*** Block opens ***

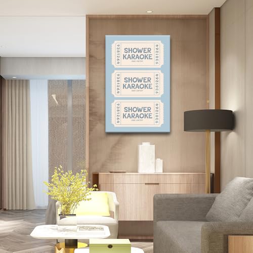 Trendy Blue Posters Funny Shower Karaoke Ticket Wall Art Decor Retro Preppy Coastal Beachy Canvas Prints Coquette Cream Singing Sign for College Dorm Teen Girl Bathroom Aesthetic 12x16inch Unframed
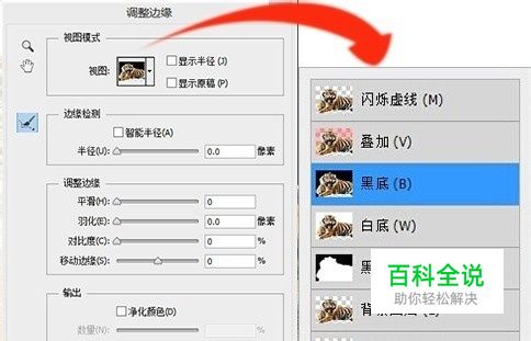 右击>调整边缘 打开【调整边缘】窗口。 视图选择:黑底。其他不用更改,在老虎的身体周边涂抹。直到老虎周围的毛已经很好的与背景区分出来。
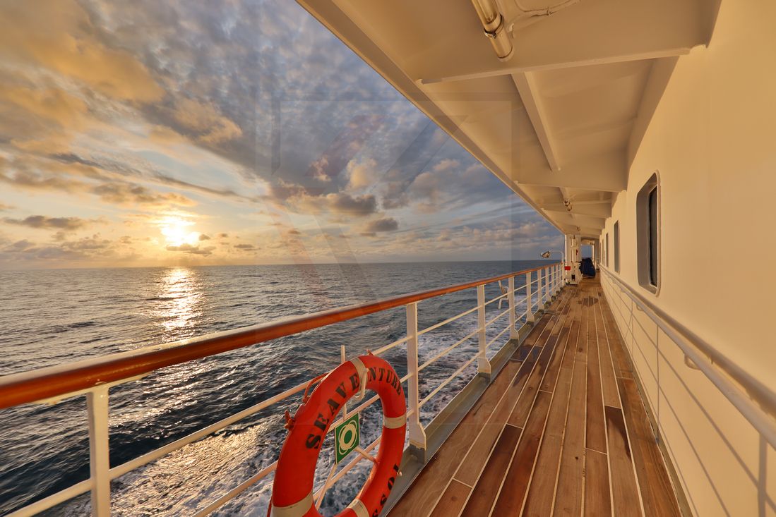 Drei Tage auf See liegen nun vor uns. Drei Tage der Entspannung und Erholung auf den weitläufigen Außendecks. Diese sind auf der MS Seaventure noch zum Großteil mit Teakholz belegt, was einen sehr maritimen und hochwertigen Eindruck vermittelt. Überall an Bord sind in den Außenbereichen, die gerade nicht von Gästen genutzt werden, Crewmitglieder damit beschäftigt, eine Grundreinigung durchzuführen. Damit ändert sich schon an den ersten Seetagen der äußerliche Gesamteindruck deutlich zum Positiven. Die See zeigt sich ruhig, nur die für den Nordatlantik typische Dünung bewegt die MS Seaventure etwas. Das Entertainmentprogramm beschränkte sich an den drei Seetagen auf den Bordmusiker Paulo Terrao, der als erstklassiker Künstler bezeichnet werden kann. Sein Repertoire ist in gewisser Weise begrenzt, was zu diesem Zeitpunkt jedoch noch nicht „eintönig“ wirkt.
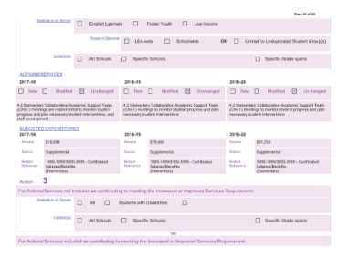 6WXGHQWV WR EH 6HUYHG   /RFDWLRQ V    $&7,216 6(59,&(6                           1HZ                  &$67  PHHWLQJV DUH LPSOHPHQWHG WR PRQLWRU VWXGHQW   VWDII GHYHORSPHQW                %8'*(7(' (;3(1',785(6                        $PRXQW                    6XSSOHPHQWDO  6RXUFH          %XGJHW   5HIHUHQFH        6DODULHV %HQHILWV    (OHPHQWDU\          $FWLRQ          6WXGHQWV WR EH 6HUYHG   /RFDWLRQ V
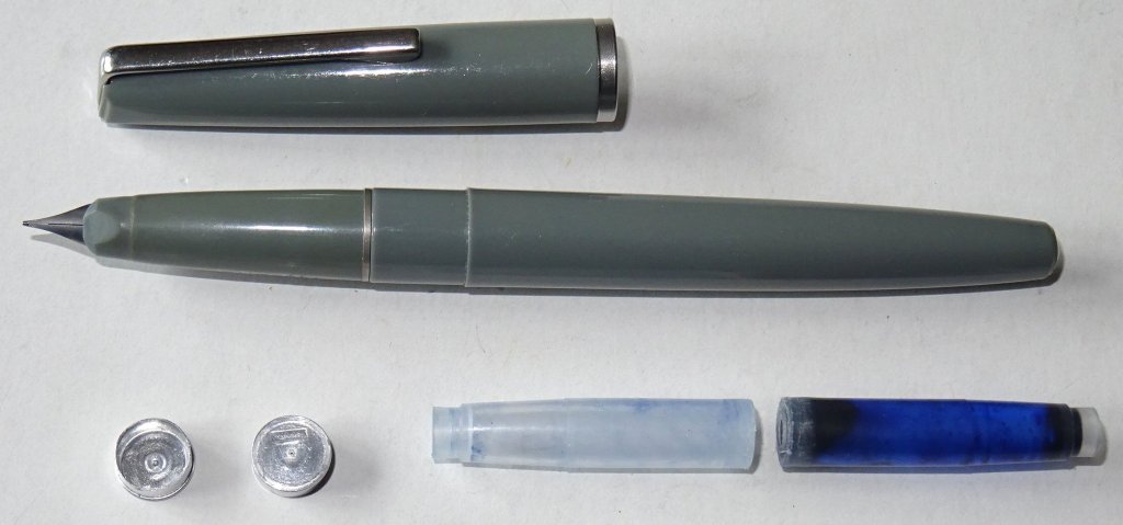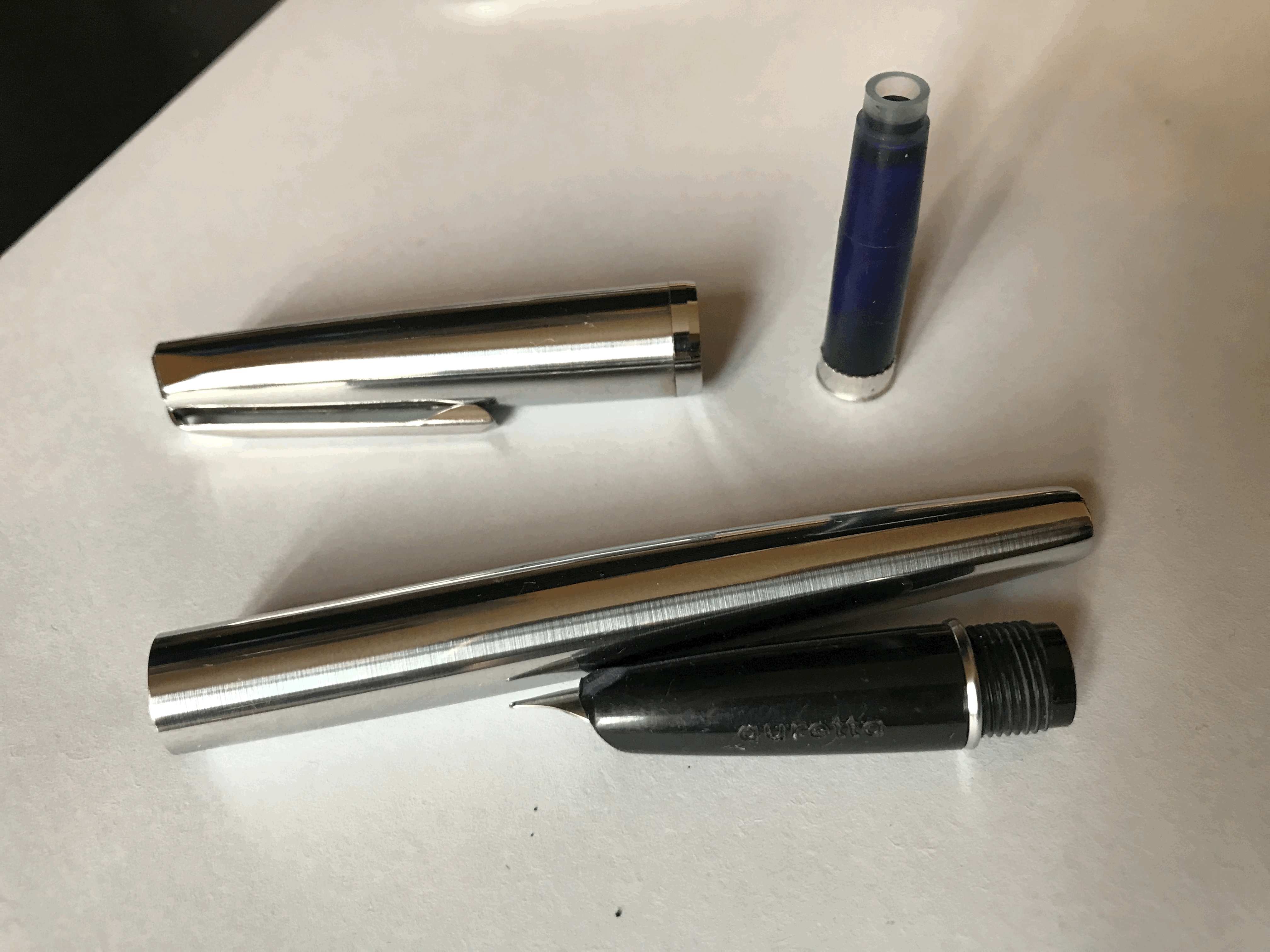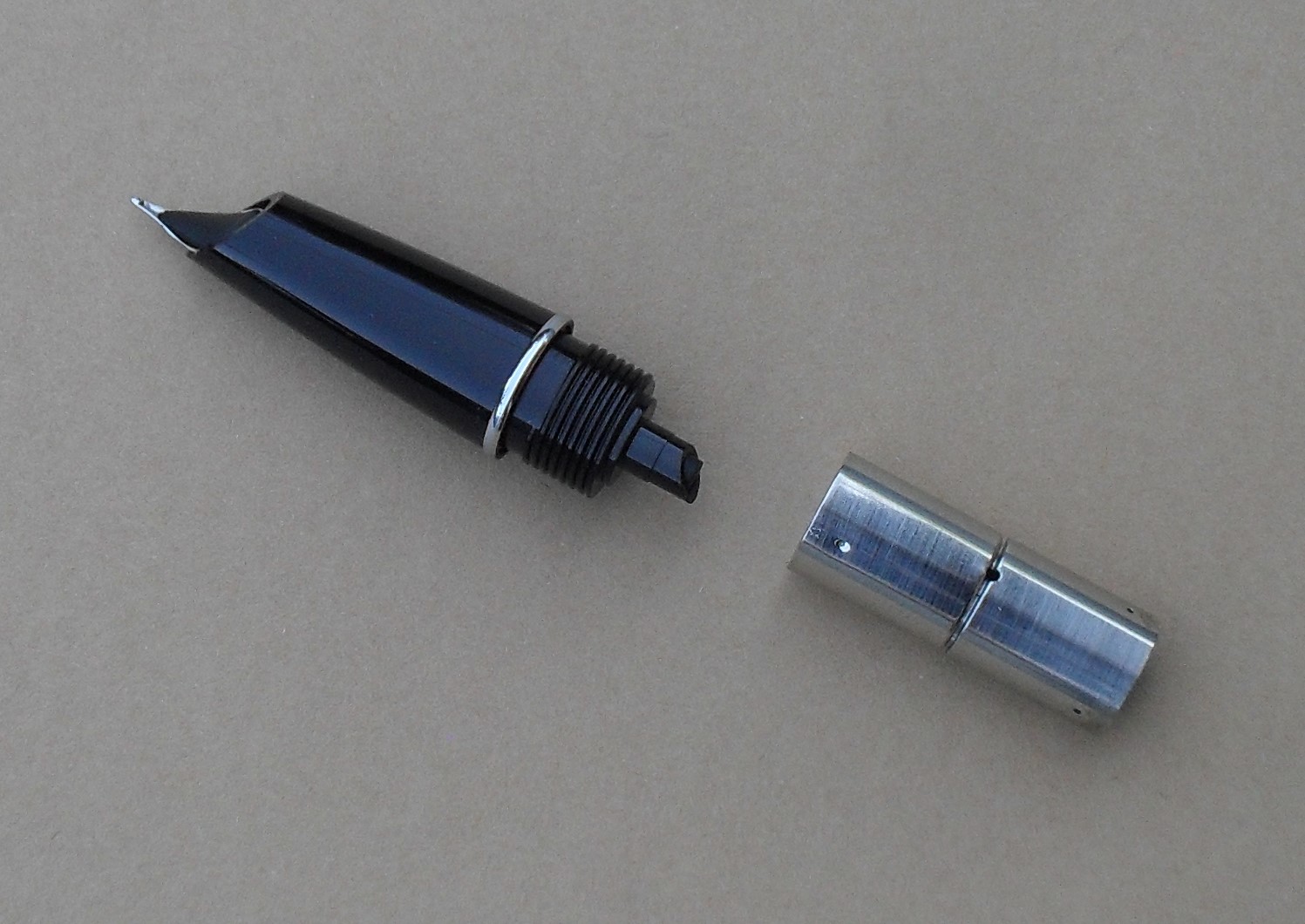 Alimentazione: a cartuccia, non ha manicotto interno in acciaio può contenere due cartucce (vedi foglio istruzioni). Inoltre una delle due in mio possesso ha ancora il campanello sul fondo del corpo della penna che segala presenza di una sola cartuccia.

*** Block closes ***

_PROBLEM DETAILS:_ Please copy exactly the lines from the one that contains "PHHWLQJV DUH LPSOHPHQWHG" through the last line of the listing above, leaving out the pictures.

_SOLUTION FOR THIS EXERCISE:_
 6WXGHQWV WR EH 6HUYHG   /RFDWLRQ V    $&7,216 6(59,&(6                           1HZ                  &$67  PHHWLQJV DUH LPSOHPHQWHG WR PRQLWRU VWXGHQW   VWDII GHYHORSPHQW                %8'*(7(' (;3(1',785(6                        $PRXQW                    6XSSOHPHQWDO  6RXUFH          %XGJHW   5HIHUHQFH        6DODULHV %HQHILWV    (OHPHQWDU\          $FWLRQ          6WXGHQWV WR EH 6HUYHG   /RFDWLRQ V
 Alimentazione: a cartuccia, non ha manicotto interno in acciaio può contenere due cartucce (vedi foglio istruzioni). Inoltre una delle due in mio possesso ha ancora il campanello sul fondo del corpo della penna che segala presenza di una sola cartuccia.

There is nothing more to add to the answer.